Angiogenesis, the growth of new blood vessels from preexisting ones, is one of the essential phenotypes of physiological and pathologic conditions, including growth and development, wound healing, reproduction, arthritis, psoriasis, and neoplasia. In a series of now classical experiments, Folkman (1) demonstrated that solid tumors cannot grow >2–3 mm in diameter without being able to induce their own blood supply. Tumor growth can be stunted by a variety of single agents that have the common ability to inhibit angiogenesis (2), and recent reports suggested that combinational antiangiogenesis protocols can be more effective than single agent therapies (3, 4, 5, 6, 7). However, it is unclear which combinations of agents would be most efficacious. This is critically important for two reasons. Like other therapies, tumors may become resistant to individual antiangiogenic therapies, even those that target multiple angiogenic factors (8, 9, 10). In addition, antiangiogenic therapies must be designed to overcome the multitude of direct and indirect mechanisms by which tumors can induce new blood vessel growth, including eliciting the help of various stromal cells (11, 12). This study looks toward the long-term goal of identifying possible combinatorial antiangiogenic therapies that address each of the possible mechanisms of tumor-induced angiogenesis, as well as reduce the likelihood of resistance.

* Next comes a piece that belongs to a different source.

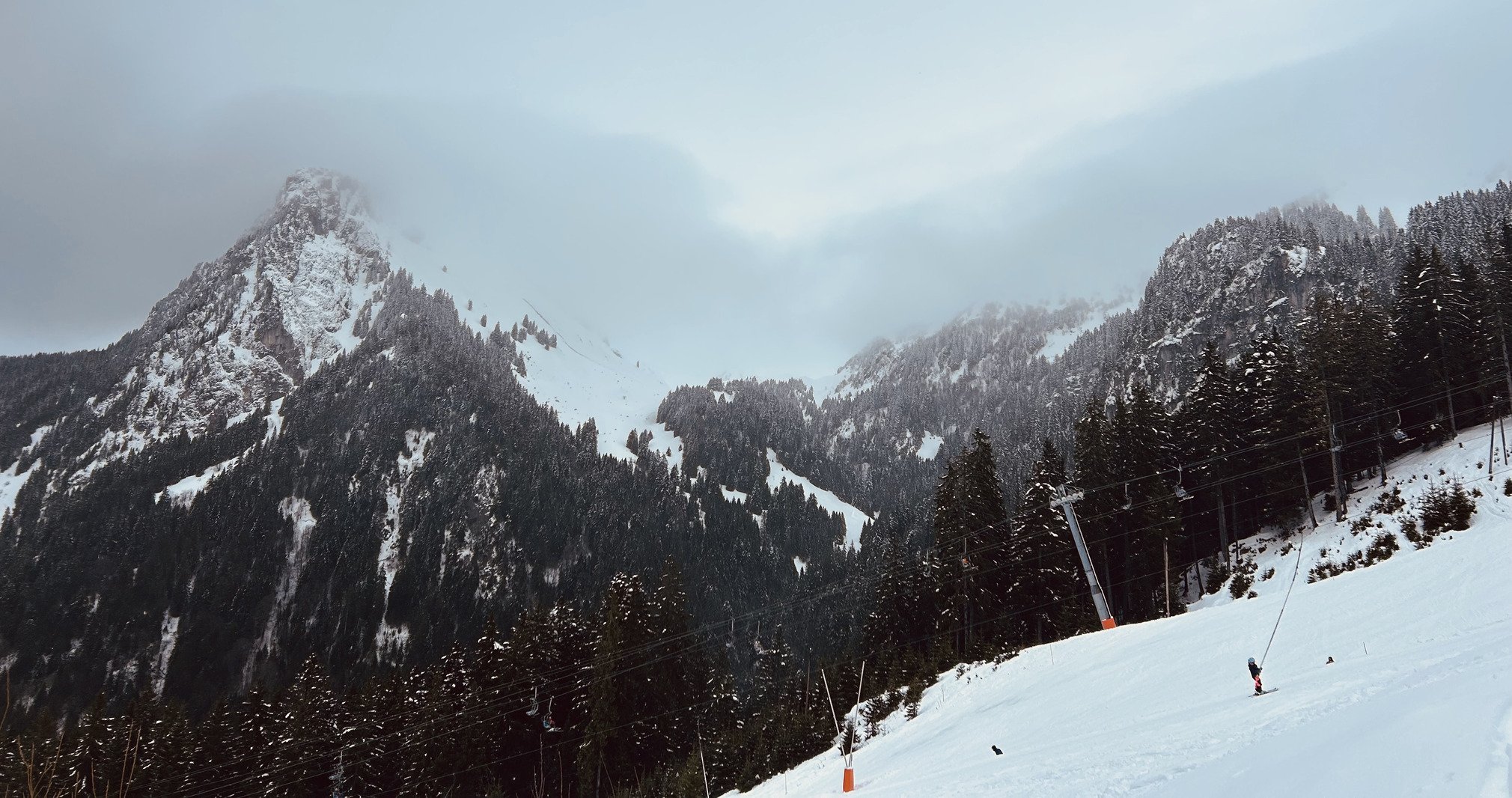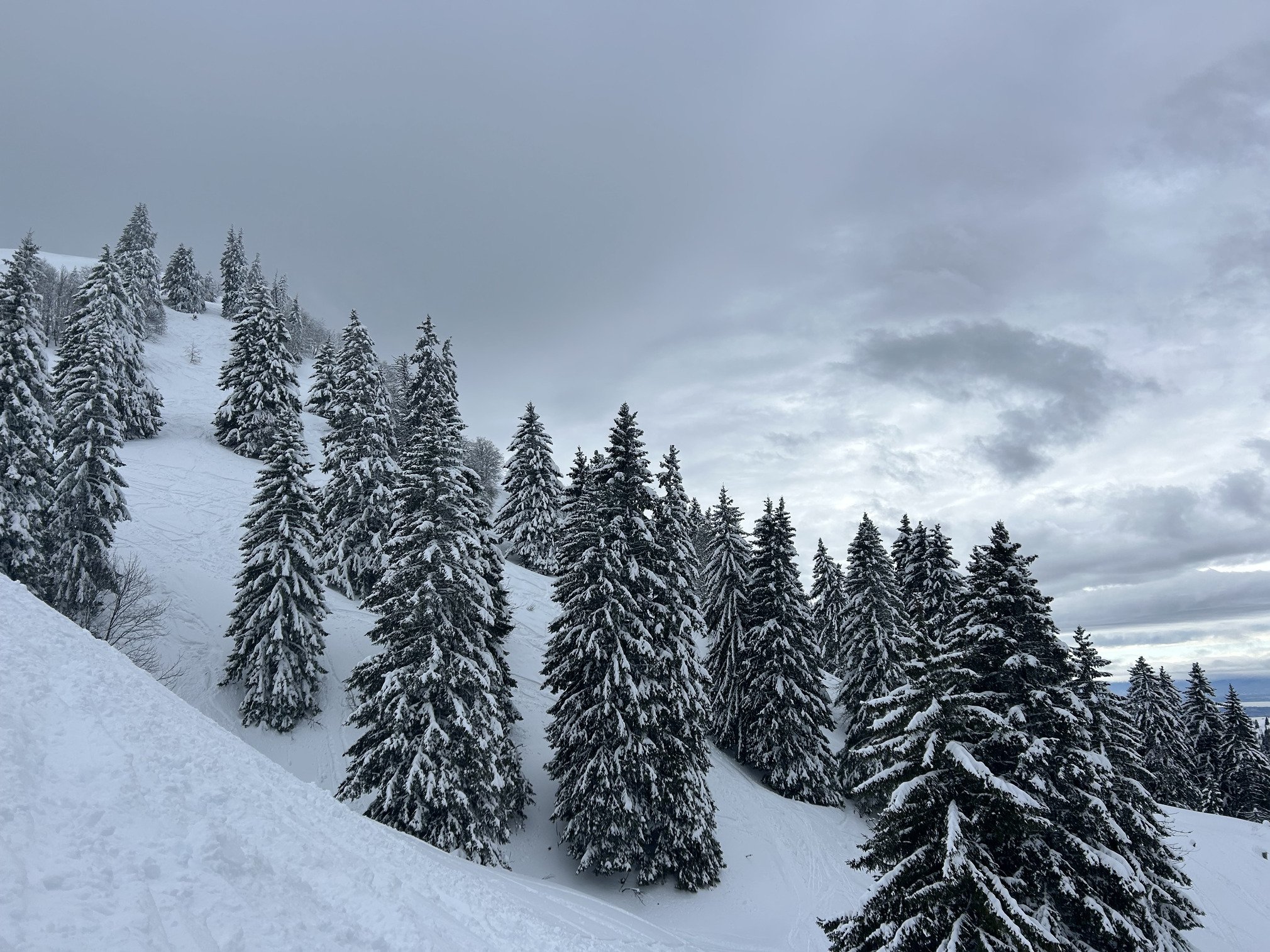 Prêts, on attaque par la rouge du bas ….. et là, la pluie se met à tomber mais pas trop forte!!! Alors on continue! Nous n’avons pas pu monter par la forêt car plus de neige. Nous avons pris les pistes rouges, bleues! Arrivés sur le plateau, la neige était bien mieux et en bonne quantité! On a même eu de la poudreuse sympa en bord de piste 🤩

Cell Culture and RNA Preparation.

HMVECs3 Cell Systems, Kirkland, WA) were cultured with endothelial growth media-microvascular media (Clonetics/Biowhittaker, Walkersville, MD). The cells were treated with one of each of the following agents: (a) all trans-RA (1 μm; Sigma, St. Louis, MO); (b) recombinant IFN-α (50 IU/ml; Biosource International, Camarillo, CA); (c) PEDF (0.4 nm; a kind gift from Noel Bouck); (d) DI-TSPa (0.5 nm; Abbott Laboratories); (e) TNP-470 (1.5 nm; National Cancer Institute); and (f) ENDO (3 nm; National Cancer Institute) for 4 h. Total RNA was isolated from the cells using TRIzol reagent (Invitrogen, Carlsbad, CA). Lewis lung carcinoma cells were maintained in culture in DMEM supplemented with 10% heat-inactivated fetal bovine serum.

Microarrays.

Human cDNA microarrays (Research Genetics/Invitrogen) consisted of nylon membranes containing 5295 named genes and 3889 ESTs (GF211 and GF205). The array also contained 576 spots of total genomic DNA that served as reference points for the image analysis software Pathways 2.0 (Research Genetics/Invitrogen) for normalization purposes to verify the homogeneity of the hybridization.

Labeling, Hybridization, and Scanning of Microarray.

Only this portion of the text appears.